[TASK TO COMPLETE] Write out the listing exactly, from its first line through the line holding "Con relación a", but include none of the pictures.

[RAW DATA]
⁂

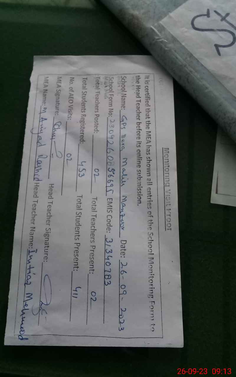 | Attendance Register | Head Teacher | MEA with School | Visit Proof |
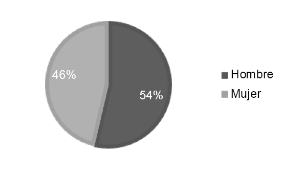 Con relación a los participantes, a continuación, se describen las características de la población bajo estudio. El total de los encuestados fue de 236 respuestas válidas, observándose igualdad de género, correspondiendo un 54% en hombres y 46% mujeres (Gráfico 1).
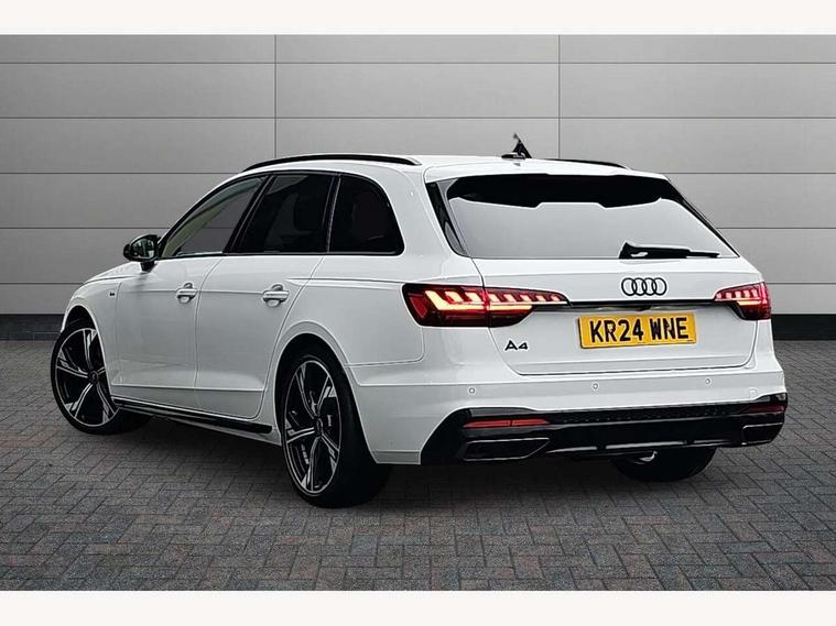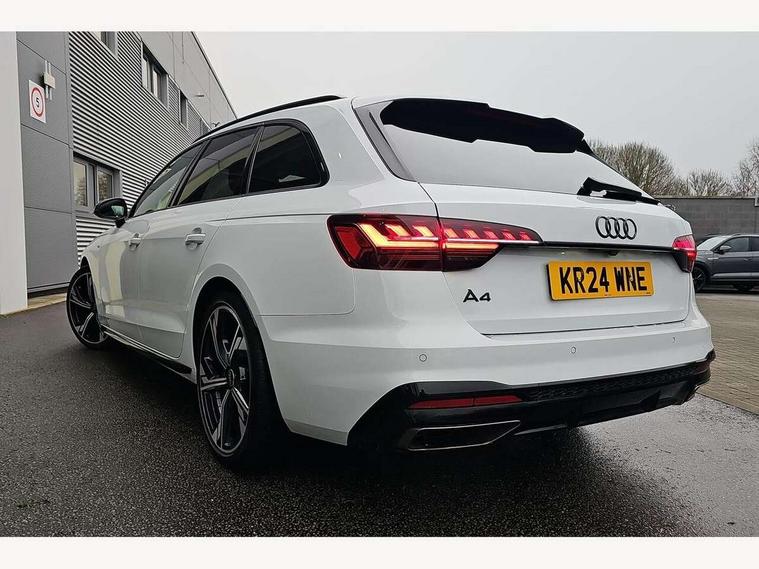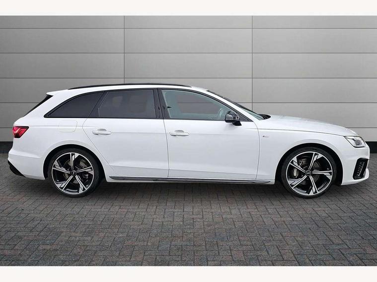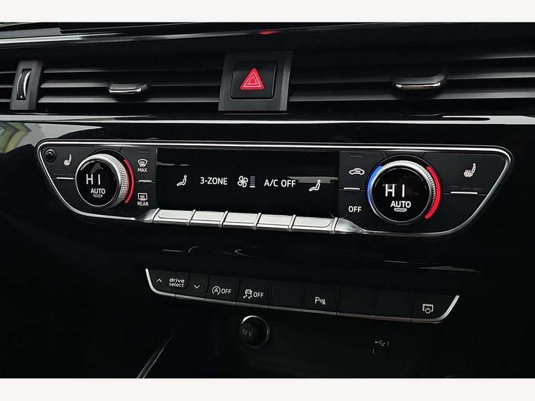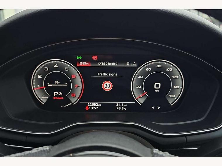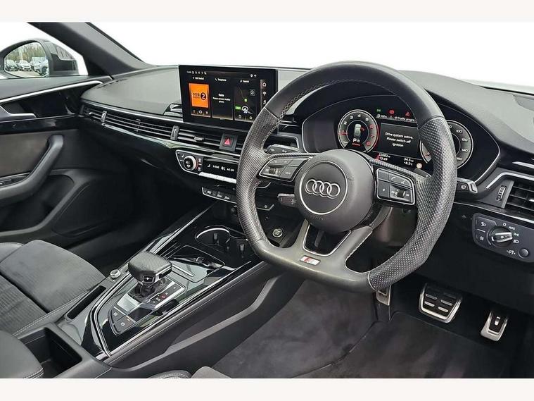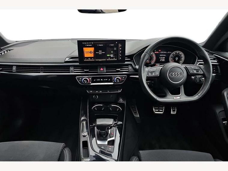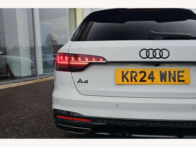 Audi connect safety and service (e-call), Audi drive select, Audi smartphone interface, Audi virtual cockpit, Automatic start-stop system with coasting functionality and efficiency programme, Bluetooth interface, Camera based traffic sign recognition, Electromechanical power steering, Email, calendar and text messages displayed via MMI, Front and rear parking sensors, Lane departure warning, MMI Navigation plus with MMI touch includes 10.1" high resolution colour MMI display, 3D map, Power operated tailgate, Rear view camera, Voice control system, 54 litre fuel tank, Sports suspension lowered by 23mm, 2 USB charging ports, 8 passive loudspeakers, DAB digital radio reception, Audi beam uses LEDs to project the audi logo onto the ground as you exit your A4, Auto dimming rear view mirror, Black Audi rings and black badging (with removed engine badging), Body colour door handles, Body colour front spoiler lip, Body colour side sill trim, Electric adjustable/heated/folding door mirrors with auto dimming, Exhaust tailpipes in dark chrome, Grained matt black side air inlets with matt aluminium silver inlay, High beam assistant, High gloss black B pillar trims and triangular rear door trim, LED headlights with LED rear lights + dynamic rear indicators + headlight adjustment and high beam, turning light + LED daytime running lights, LED third brake light, Privacy glass, Rain and light sensors, Rear diffuser in matt black with trim strip in matt aluminium silver, Rear side wing doors, Rear wiper, RS4 rear spoiler in body colour, S Line roof edge spoiler, Sport front and rear bumpers with side skirts, Variable intermittent front wash/wipe, Windscreen with acoustic glazing, 4 way electric lumbar support for driver and front passenger, 40/20/40 split folding 3 rear seat bench in 3 parts with rear centre armrest, Black carpets, Black cloth headlining, Black perforated leather gearknob, Contrast stitching on seats, steering wheel and gear lever gaiter, Deluxe 3 zone electronic climate control, Electric load area cover, Front and rear head restraints, Front centre armrest, Heated front seats, Illuminated door sill trims with S logo, ISOFIX child seat mounting and top tether, Manual seat adjustment, Single front passenger seat, Stainless steel pedals and foot rest, Black styling pack - A4 Avant, LED Interior light pack - A4/S4, 3 rear seatbelts, 6 airbags - Driver, front passenger, curtain and side windows, Attention and drowsiness assist, Electronic Stabilisation Control (ESC) including ABS, ASR and EDL, Hill hold assist, Multi collision brake assist, Pop-up bonnet for pedestrian protection, Pre sense city, Rear door child safety locks, Seatbelt monitoring, Warning triangle and first aid kit, Anti theft alarm, Anti theft wheel bolts, Central locking, Keyless Go, Piano black finish inlay, Tool kit, Tyre repair kit,

⁂

[WRITTEN ANSWER]
 | Attendance Register | Head Teacher | MEA with School | Visit Proof |
 Con relación a los participantes, a continuación, se describen las características de la población bajo estudio. El total de los encuestados fue de 236 respuestas válidas, observándose igualdad de género, correspondiendo un 54% en hombres y 46% mujeres (Gráfico 1).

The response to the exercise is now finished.